As a way of acquiring up to date anatomical information during surgery, intra-operative MRI has been introduced into the surgical workflow11,12. Intra-operative imaging during neuro-surgical procedures helps identify any residual tumor tissue and leads to a significant increase in the extent of tumor removal and survival times13. However, intra-operative images are often of a degraded quality compared to the pre-operative images. Many factors lead to reduced quality in intra-operative MRI: fast acquisition protocols which are used to reduce the surgical time, intra-operative MRI scanners often operate on lower magnetic field strengths than diagnostic MRI scanners, surface coils are used instead of head coils, and disturbances to the main magnetic field caused by the surgery.

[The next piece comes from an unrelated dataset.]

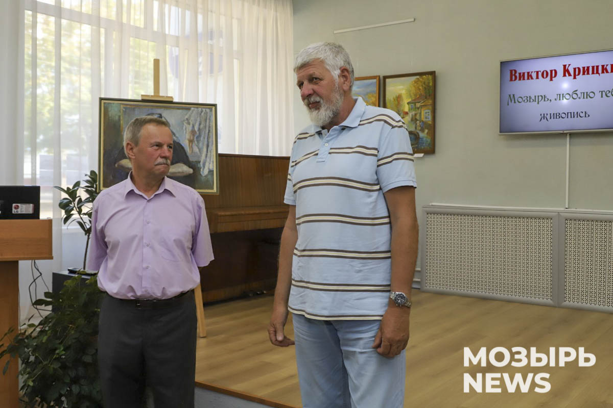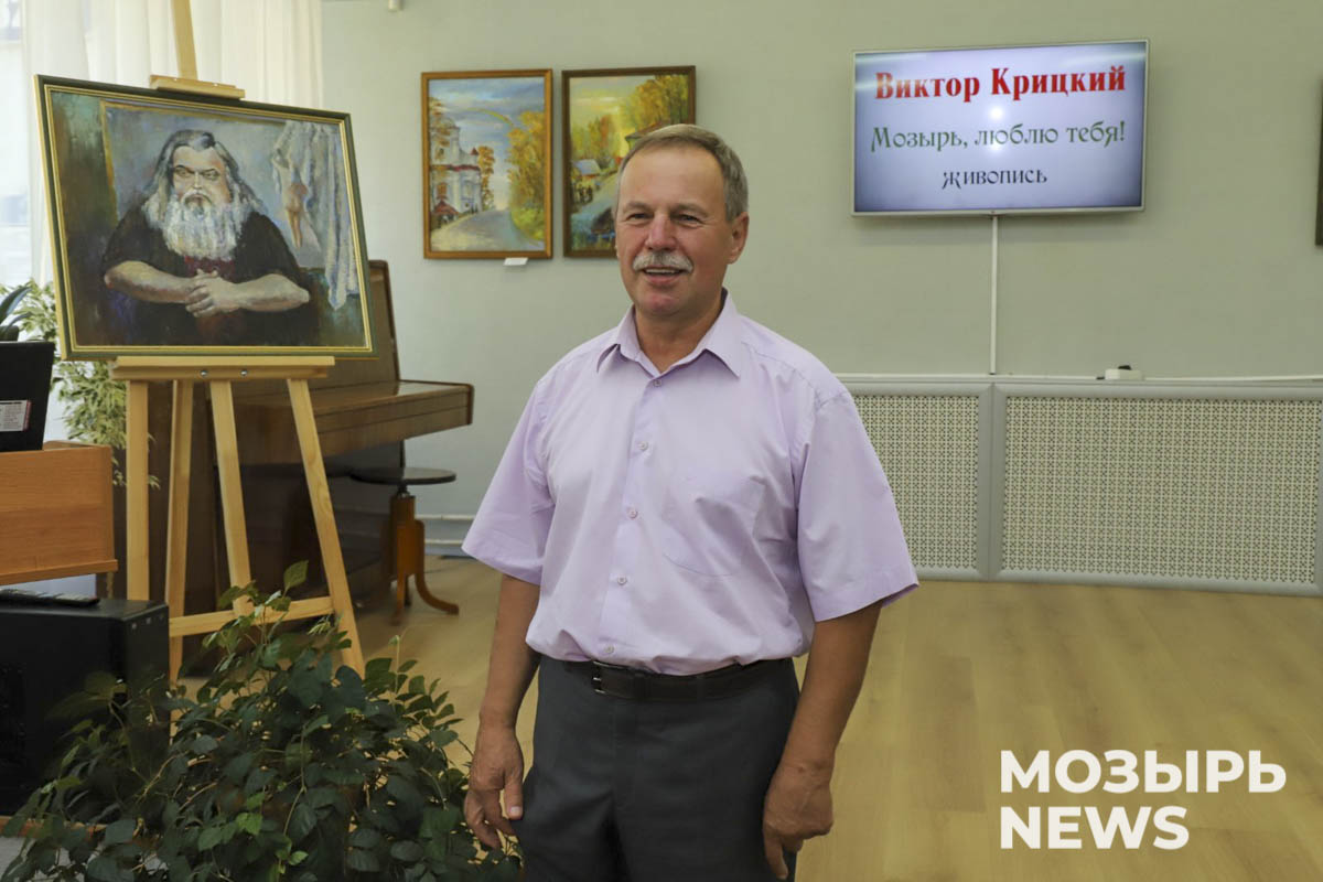 Сегодня в зале краеведения центральной районной библиотеки имени А. С. Пушкина состоялось открытие персональной выставки мозырского художника Виктора Крицкого под названием «Мозырь, люблю тебя!».

Ultrasound (US) is another imaging modality used to acquire up-to-date images during neurosurgery 14. Compared to MRI, acquisition is faster and does not require the patient to move, but image quality and soft tissue discrimination is reduced. US can identify functional information such as blood flow, but not cognitive functions such as motor, visual and language cortices. Reliable and accurate acquisition of intra-operative fMRI is in general not feasible, either because of factors such as time constraint, the requirement that the patient be conscious during acquisition of fMRI, and disturbances of the magnetic field from the surgical procedure1.
How then can we accurately and robustly provide the surgeon with the location of these important eloquent areas in relation to the intra-operative anatomy? Non-rigid transformations have a high degree of freedom and are capable of accommodating the local brain deformations that occur during surgery. Non-rigid intra-operative registration has therefore been introduced as a way of mapping the pre-operative functional information into the intra-operative space. In practice, a transformation cascade is constructed to facilitate intra-operative navigation of the pre-operative image data (see Figure 3). First, the functional images, typically fMRI and DTI, are rigidly registered to a high-resolution pre-operative anatomical image. Next, the pre-operative anatomical image is non-rigidly registered with the intra-operative image. Finally, to facilitate navigation of these images, the intra-operative image is registered with the physical patient space by estimating a rigid transformation from corresponding (fiducial) landmarks identified in the image and on the patient. Most commercial neuro-surgical navigation systems register the pre-operative images to the intra-operative space using fiducial markers and rigid registration and do not take into account the non-rigid deformations caused by brain-shift15.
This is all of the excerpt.